CEF is an ORM for LLM context engineering - just as Hibernate abstracts relational databases for transactional data, CEF abstracts knowledge stores for LLM context.
✅ Validated with comprehensive benchmarks: Knowledge Model retrieves 60-220% more relevant content than vector-only approaches for complex queries requiring relationship reasoning.
- 👩💻 Developers: Rapidly prototype LLM applications with rich context without setting up complex infrastructure.
- 🎓 Academics: Experiment with GraphRAG algorithms and benchmark against vector-only baselines.
- 🧪 Researchers: Reproducible environment for testing context engineering strategies.
- 🏢 Enterprise Research Pods: Deploy ephemeral, self-contained analysis environments for specific datasets (e.g., "Annual GL Analysis") without requiring permanent heavy infrastructure.
- 🗄️ Knowledge Model ORM - Define entities (nodes) and relationships (edges) like JPA @Entity
- 🔄 Dual Persistence - Graph store (relationships) + Vector store (semantics)
- 🔍 Intelligent Context Assembly - Relationship navigation + semantic search + keyword fallback
- 📦 Storage Agnostic - Pluggable backends (JGraphT, Neo4j, Postgres, Qdrant)

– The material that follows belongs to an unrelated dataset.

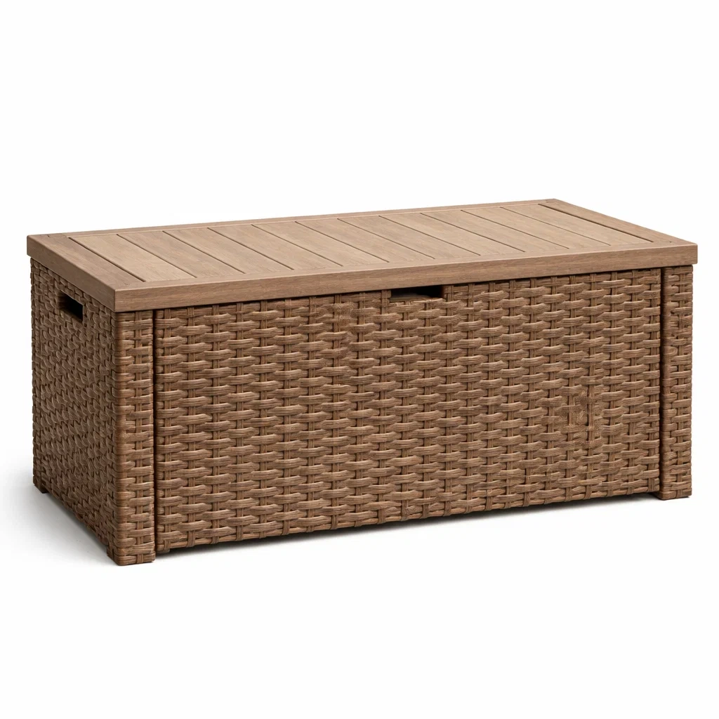Coffre de rangement extérieur en résine tressée et polypropylène 117x45x57 cm

- 🔌 LLM Integration - OpenAI, Ollama, vLLM with MCP tool support
- 📄 Parser System - PDF, YAML, CSV, JSON with ANTLR support
- ☁️ Storage Adapters - FileSystem, S3/MinIO
- ⚡ Fully Reactive - Spring WebFlux + R2DBC
Author: Mahmudur R Manna (mrmanna) - Founder and Principal Architect of DDSE
Organization: DDSE Foundation (Decision-Driven Software Engineering)
Date: 2024
┌─────────────────────────────────────────────────────────────┐
│ Application Layer │
│ (Define Knowledge Models: Entities & Relations) │
└─────────────────────────────────────────────────────────────┘
│
┌───────────┴───────────┐
│ ORM Interface │
│ 1. KnowledgeIndexer │ (like EntityManager)
│ 2. KnowledgeRetriever │ (like Repository)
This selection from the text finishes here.